**PROBLEM DETAILS:** From the first line to the last, restate the material word for word, omitting pictures.

**COLLECTED MATERIAL:**
# # # # #
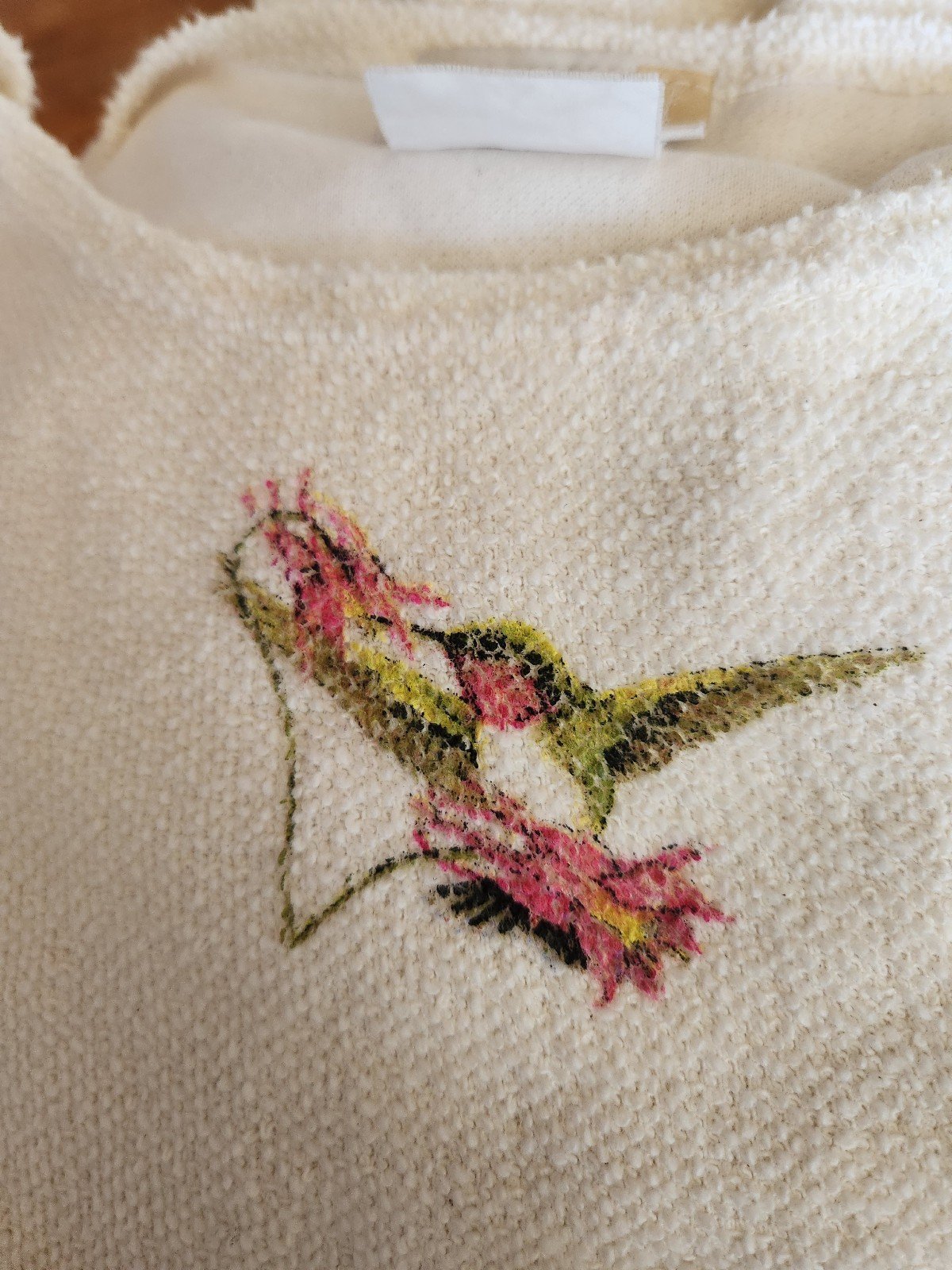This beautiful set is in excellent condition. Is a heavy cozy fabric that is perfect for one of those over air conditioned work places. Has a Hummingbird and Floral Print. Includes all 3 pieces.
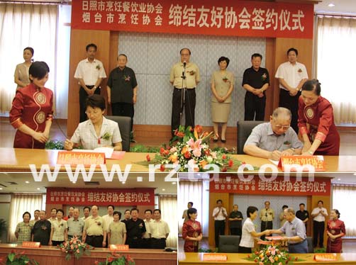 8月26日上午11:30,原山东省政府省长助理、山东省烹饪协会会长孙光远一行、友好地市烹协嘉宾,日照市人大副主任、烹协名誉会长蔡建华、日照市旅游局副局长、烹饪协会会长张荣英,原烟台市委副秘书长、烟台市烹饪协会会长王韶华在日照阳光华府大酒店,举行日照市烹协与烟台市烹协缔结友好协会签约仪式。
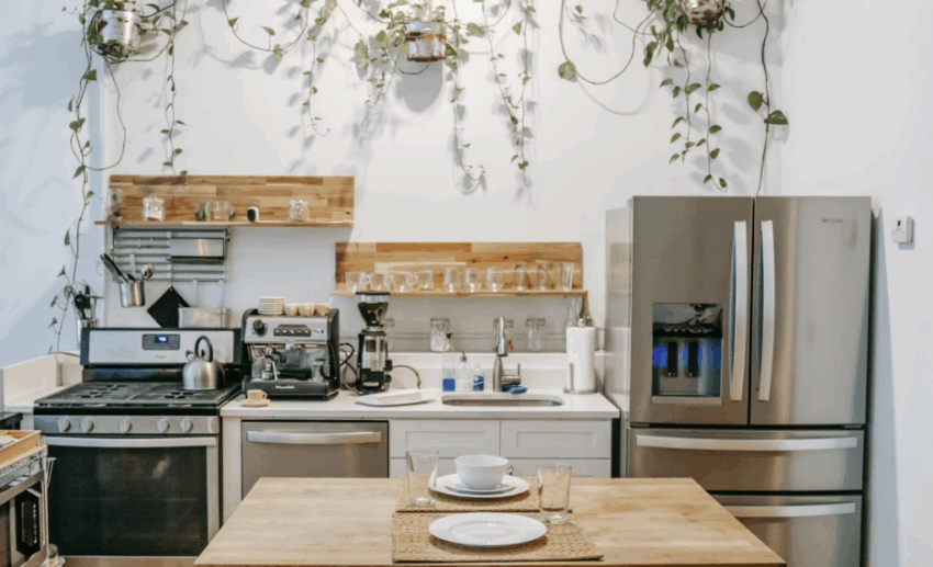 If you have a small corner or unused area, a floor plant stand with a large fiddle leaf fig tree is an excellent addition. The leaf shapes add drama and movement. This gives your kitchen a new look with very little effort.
# # # # #
**ANSWER SECTION:**
This beautiful set is in excellent condition. Is a heavy cozy fabric that is perfect for one of those over air conditioned work places. Has a Hummingbird and Floral Print. Includes all 3 pieces.
 8月26日上午11:30,原山东省政府省长助理、山东省烹饪协会会长孙光远一行、友好地市烹协嘉宾,日照市人大副主任、烹协名誉会长蔡建华、日照市旅游局副局长、烹饪协会会长张荣英,原烟台市委副秘书长、烟台市烹饪协会会长王韶华在日照阳光华府大酒店,举行日照市烹协与烟台市烹协缔结友好协会签约仪式。
 If you have a small corner or unused area, a floor plant stand with a large fiddle leaf fig tree is an excellent addition. The leaf shapes add drama and movement. This gives your kitchen a new look with very little effort.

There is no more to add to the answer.